Hi I've got a QV document which currently has a main table with approx 25 million rows and about 80 columns wide. As the amount of data has increased and some of the formulae have become more complicated the performace has suffered. We initially increased the RAM and cpu, but with the latest increase have suffered a performace drop again, but this time out IT dept can not increase the resources without significant spend (we currently have 8GB RAM and 4 dual core processors).

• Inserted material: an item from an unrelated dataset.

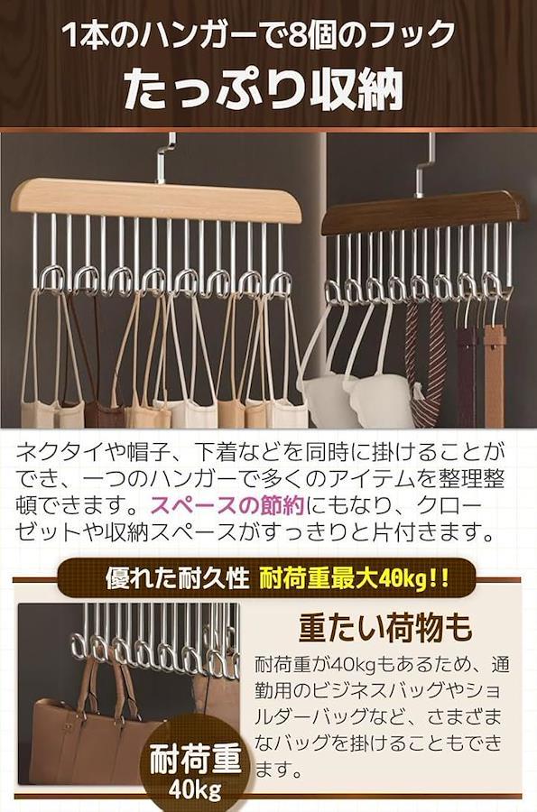 「たっぷり収納」ネクタイや帽子、下着などを同時に掛けることができ、一つのハンガーで多くのアイテムを整理整頓できます。

My question is, are there any general rules about how the data is stored? The data comes from several fact tables in SQL, so a lot of the columns are not applicable and will be null. As well as this when pulling from SQL the fact tables are joined to the Dim tables, so QV will have a column for Date, weekdayname, week commencing, month commencing, year etc. Would this be better to leave in it's original state?
I am familiar with linking and indexing tables, and how to store the data in SQL, but need some pointers for QlikView. Does it matter what order the data is loaded, is there a sort / index function, do the calculations run better in one big table or two smaller ones?
QVD files are a great way to improve a Qliview model's performance.
The scripting for it is not too complicated, and can be quite powerful when working with massive amounts of data.
Great for 1) Increasing Load Speed
2) Decreasing Load on Database Servers
I've attached part of the Manual on various ways to create QVD's.
Hope it helps.
Hi Xena, I already use QVD files as part of the load process, as you say these load much faster, I then pull new data from the server.
Once loaded it is the amount of RAM being used and maxing out the CPUs when QlikView does the calculations that is the issue. My main thought was that the data would be better in multiple small tables all linked together, rather than fewer large tables, but this will be quite a big rebuild, so I was wanting some guidance and advice as to if this would be worth persuing.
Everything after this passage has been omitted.